[original post removed]
Khan is pretty good at explanations:
the p-value is the minimum level of significance that you would be able to reject the null hypothesis.
That means, if the p-value is .03, you could reject the null hypothesis for 90% confidence level (.10 level of significance), a 95% confidence level (.05 level of significance), allllll the way up to a 97% confidence level (.03 level of significance). With a p-value of .03, you could not reject the null at a 98% confidence because that would require a p-value of .02 or lower.
Is it the rule applicable to both one-tail and two-tails testing ?
Yes.
A p-value is nothing more nor less than an alpha: the alpha that puts your calculated t-value on the dividing line between acceptance and rejection.
S2000magician :
Thank you for your response.
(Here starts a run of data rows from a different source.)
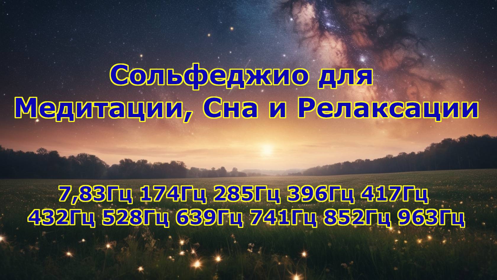 #медитация #частоты #сольфеджио #звукотерапия #исцелениезвуком #релаксация #783Гц #174Гц #528Гц #963Гц #частотысознания #длясна #пробуждениедуха Это видео — полное погружение в мир целительных частот. Откройте для себя мощь звука, который, как считается, гармонизирует тело, разум и дух. В этом видео собраны все известные частоты для медитации, исцеления и глубокого расслабления. Список частот в видео и их предполагаемые эффекты: 7,83 Гц (Резонанс Шумана): Помогает синхронизировать мозг с естественным электромагнитным полем Земли. 174 Гц: Облегчение боли, снятие стресса и чувство безопасности. 285 Гц: Восстановление тканей и органов на клеточном уровне. 396 Гц: Освобождение от страха, вины и горя. 417 Гц: Устранение негативных ситуаций и облегчение перемен. 432 Гц: «Частота Вселенной» для расслабления и снижения стресса. 528 Гц: «Частота любви и чуда», способствующая восстановлению ДНК и жизненной энергии. 639 Гц: Улучшение отношений, баланс и гармония. 741 Гц: Пробуждение интуиции и очищение от негативных энергий. 852 Гц: Возвращение к духовному порядку и внутренней силе. 963 Гц: «Частота Бога» для соединения с высшим Я и достижения единства. Слушайте эту музыку в наушниках для лучшего эффекта. Рекомендуется для медитации, йоги, массажа или просто для расслабления. Важное замечание: Данная информация не является медицинским советом. Используйте эти звуки для духовных и медитативных практик. Пожалуйста, ставьте лайки, оставляйте комментарии и подписывайтесь на канал, чтобы получать больше полезного контента!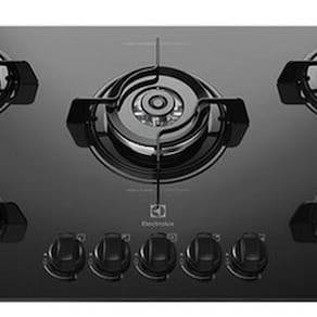 Cooktop a gás Electrolux com 5 bocas, tripla chama, acendimento automático e acabamento em vidro preto. Bivolt.Luz de calor residual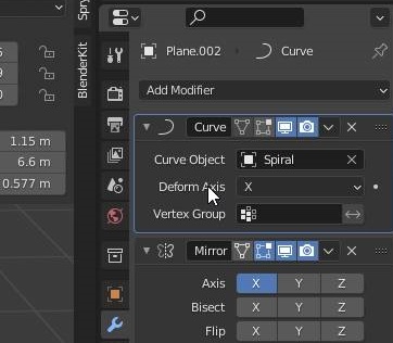 위 스크린샷에서 보이는 것처럼 다시한번 커브 모디파이어에 생성해 놓은 골뱅이를 커브 오브젝트로 지정을 해 보도록 하니다.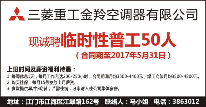 地址:江门市江海区江翠路162号 联络人:马小姐 电话:3863012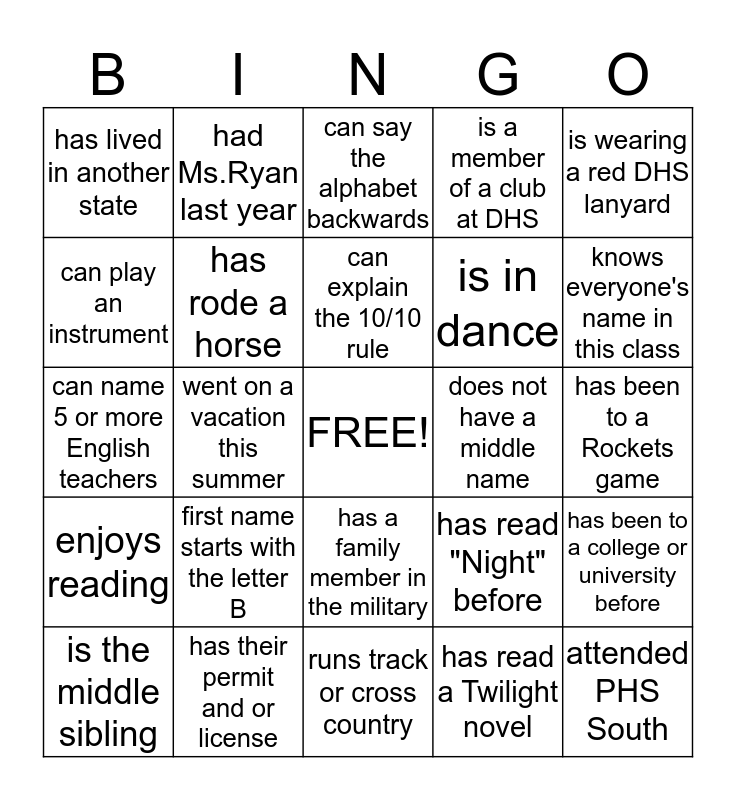 This bingo card has a free space and 24 words: first name starts with the letter B, has their permit and or license, can explain the 10/10 rule, is the middle sibling, is wearing a red DHS lanyard, has lived in another state, can play an instrument, had Ms.Ryan last year, does not have a middle name, has a family member in the military, is in dance, can name 5 or more English teachers, has read "Night" before, has been to a college or university before, has rode a horse, has read a Twilight novel, has been to a Rockets game, can say the alphabet backwards, knows everyone's name in this class, went on a vacation this summer, attended PHS South, enjoys reading, is a member of a club at DHS and runs track or cross country.

I have another question :
Is it that each sample has its own P-value (i.e., different sample has different P-value) ?
My pleasure.
If the test statistic is different (which it will likely be for different samples), the p-value will be different. Remember: the p-value is the level of significance that puts the calculated statistic on the brink of accept/reject; if that statistic is different, the p-value will be different.
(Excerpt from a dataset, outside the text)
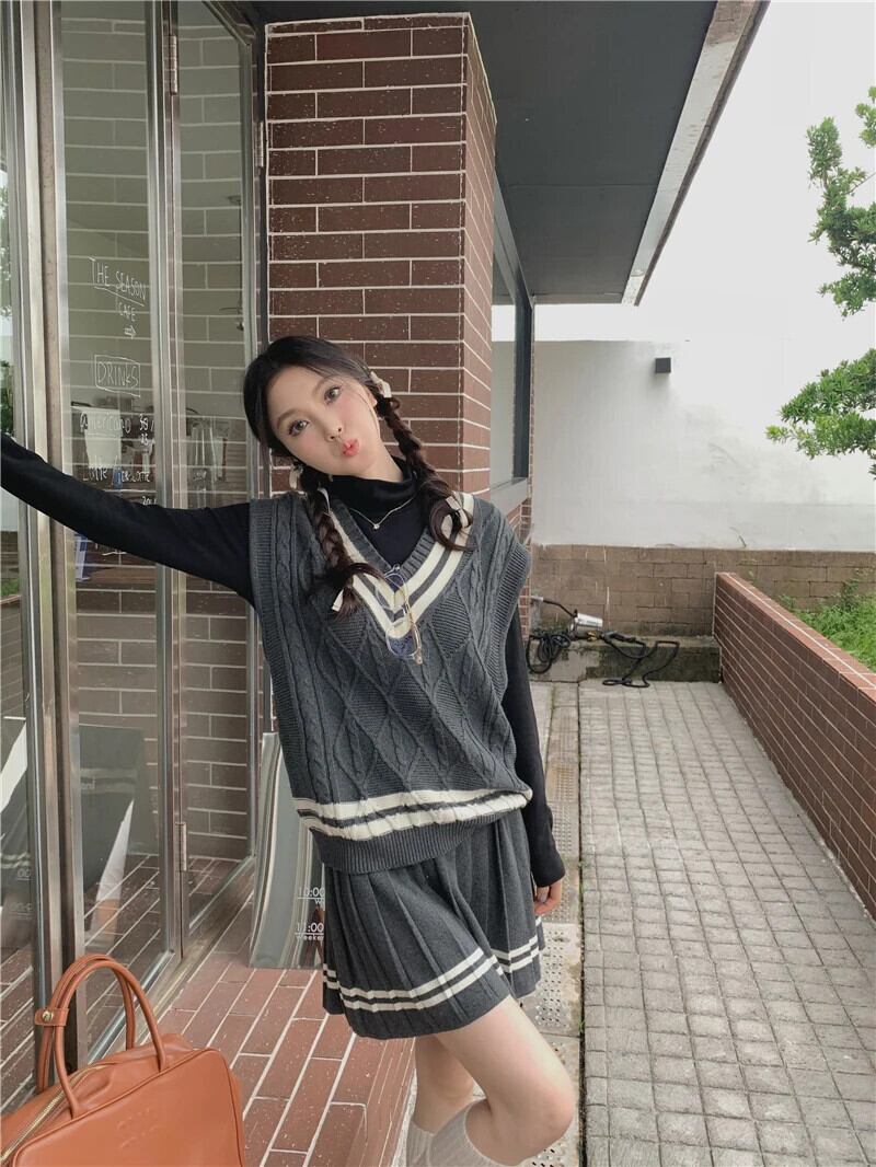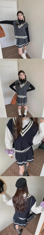 スイートガールスタイルスーツ冬コントラスト V ネックベストウエストプリーツスカート 2 点セット 大人ガーリー スウィート キュート カジュアル ウィンター 冬物 Vネック

S2000 Magician can you please define what is joint probability? what is the simplest method to calculate it with an example. please i will be honoured.
Joint probability is the probability of two (or more) things happeneng together. We write the probability of A and B happening together as P(AB).
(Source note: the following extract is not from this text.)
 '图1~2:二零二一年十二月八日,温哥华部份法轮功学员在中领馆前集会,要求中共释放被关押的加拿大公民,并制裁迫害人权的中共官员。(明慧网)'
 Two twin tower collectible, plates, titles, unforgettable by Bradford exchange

For example: you see a car; what’s the probability that it’s a red Ferrari? That’s the joint probability that it’s a red car and that it’s a Ferrari.
For this exam, the easiest way to calculate it will be to use conditional probabilities: the probability of something happening given that something else has happened. We write the probability of A happening given that B has happened as P(A|B). The key formula is this:
P(AB) = P(A|B) × P(B).
Maybe one car in 100 (in your neighborhood) is a Ferrari, 20% of (all of) the cars are red, and 40% of Ferraris are red. Then the probability of seeing a red Ferrari is:
P(red Ferrari) = P(red|Ferrari) × P(Ferrari) = 0.40 × 0.01 = 0.004 = 0.4%
(Note: we don’t care that 20% of all cars are red; we didn’t need this fact in this problem.)